MM: And if you don’t like it, that’s totally cool, and we can still be friends. There’s a lot of people who I am friends with who probably hate my music and think I am a retard for doing this, but that doesn’t mean I think they are bad people. That would be like saying, ‘you don’t like chocolate, and I love it, so you suck now,’ and this is the kind of attitude you see now because of everyone getting so butthurt and so attached, and music is of course a very personal thing, but I think the thing to remember is that we would be doing this now even if no-one gave a shit, and we were in fact doing this back when no-one gave a shit, back before djent was a thing, and back when djent was still just what I called a power chord. No-one gave a shit and no-one understood, and we would play shows and people would give us the finger, but we were still stoked to be doing that because we were playing music that makes us happy.
But once you’ve had a bit of success, I imagine you don’t want to go back.
MM: I think I can honestly say that if we have to stop doing what we love to do to maintain fame, then it’s not worth it.
SS: That is true.
MM: It’s not fucking worth it.
SS: But that’s not to say we want to go back to doing what we were doing before all of this.
So it does matter to you then that people like what you do.
SS: Absolutely, but we would never change what we want to be doing to achieve more success.
MM: Look at it this way, we have been very fortunate to have put out two albums that were exactly what we wanted. Maybe not what everyone else wanted, or maybe exactly what they wanted too, but that never entered the equation. This is music that makes us happy. We put it out and it does good, and if it stops doing good, then that sucks for the band, but we’ll still be happy. If it gets to a point where we can’t afford to be a band anymore, then that’s just the way it is and we’ll move on to other things. We’ll enjoy the ride while we’re on it because we’re really fortunate to be in this position. I think that if you’re going to be an artist you really have two choices. I mean you can always work in the middle but then you’re at risk of not giving your all. You can either say, I want to make money in this industry, and do what you’ve got to do, suck all the dicks you have to suck, play in whatever bands you’ve got to play in, and play for the money –
Burn bright, burn fast.
MM: Not necessarily. You could have a very long and fruitful career doing that, but you won’t likely be playing the music you love, although there are always exceptions, and you’ll be doing it with money as your end goal. So, change what you do to make money. Or you can be an artist, and you can say well fuck it, and you may not make any money. I mean, while it might look like we’re getting somewhere, really we’re just a speck. We’re not a big band and we don’t make a lot of money. We’re lucky to break even with this band and to support our lifestyles, but we do it for the love, so we wouldn’t compromise any aspect of that to make just a bit more money, which really wouldn’t be that much more money anyway. We might as well just stick to what we do and be proud of what we put out, even if we don’t make a ton of money doing it, and if that gets to the point where it’s not worth it then we’ll do something else. I would never hold it against someone if they said ‘Look, I’ve now got some opportunities to make money and that’s now a priority for me’, and as we approach thirty –
With increasing responsibilities and so on –
MM: …these are important discussions to have, and that we have had. So I would never hold that against anyone because being in a band and touring is very hard. It’s very rewarding, but it is also very hard.

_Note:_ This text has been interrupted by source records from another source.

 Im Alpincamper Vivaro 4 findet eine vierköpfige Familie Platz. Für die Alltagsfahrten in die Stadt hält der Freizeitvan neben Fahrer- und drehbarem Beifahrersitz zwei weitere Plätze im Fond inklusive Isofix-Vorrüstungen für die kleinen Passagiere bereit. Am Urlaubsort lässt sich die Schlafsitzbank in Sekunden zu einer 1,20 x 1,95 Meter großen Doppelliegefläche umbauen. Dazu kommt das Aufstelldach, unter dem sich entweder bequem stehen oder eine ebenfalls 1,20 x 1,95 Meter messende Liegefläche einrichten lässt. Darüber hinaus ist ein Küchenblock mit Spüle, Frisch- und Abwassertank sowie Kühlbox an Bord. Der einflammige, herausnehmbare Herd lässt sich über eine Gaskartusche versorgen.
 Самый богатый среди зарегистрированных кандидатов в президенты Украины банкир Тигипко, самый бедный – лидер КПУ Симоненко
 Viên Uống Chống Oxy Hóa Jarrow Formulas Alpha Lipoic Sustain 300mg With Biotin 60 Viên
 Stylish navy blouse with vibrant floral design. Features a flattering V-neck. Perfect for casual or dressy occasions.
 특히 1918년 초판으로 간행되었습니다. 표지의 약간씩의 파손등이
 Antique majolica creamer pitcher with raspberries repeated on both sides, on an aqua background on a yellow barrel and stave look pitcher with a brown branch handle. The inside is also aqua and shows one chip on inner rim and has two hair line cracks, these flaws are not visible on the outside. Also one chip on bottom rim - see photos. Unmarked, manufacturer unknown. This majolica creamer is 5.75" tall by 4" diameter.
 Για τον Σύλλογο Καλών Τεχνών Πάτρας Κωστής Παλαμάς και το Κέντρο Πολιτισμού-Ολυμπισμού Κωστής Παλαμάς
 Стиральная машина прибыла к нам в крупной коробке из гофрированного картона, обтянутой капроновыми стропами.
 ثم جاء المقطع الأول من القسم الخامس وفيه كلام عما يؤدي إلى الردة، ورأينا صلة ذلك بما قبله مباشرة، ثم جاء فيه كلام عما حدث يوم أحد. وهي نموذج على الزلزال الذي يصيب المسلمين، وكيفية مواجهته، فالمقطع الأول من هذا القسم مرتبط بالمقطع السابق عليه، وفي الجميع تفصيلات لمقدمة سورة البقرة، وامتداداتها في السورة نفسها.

So looking at it from a musical perspective then, where to from here for you guys, because the way I see it, ‘This is Personal’ is a far more cohesive effort than the first album –
MM: Well it literally is –
But it sounds and feels that way as well –
…and I’m therefore interested in ‘Juggernaut’ for a number reasons. Firstly, because I know that to some extent you’ve been working on it during the process of writing and recording ‘II’, and so I’m wondering whether we’re likely to hear any evolution in your style or sound.
MM: Spencer, would you agree that it’s darker?
SS: It’s darker, but it’s also whatever we want to be doing at the time and we’re not trying to fit any one vibe –
But what IS that?
SS: Whatever the fuck we want to do, man.
MM: It really is, because you get inspiration to write, and you get inspiration from whatever. I think people think it’s the other way around, like, ‘I want to write something dark!’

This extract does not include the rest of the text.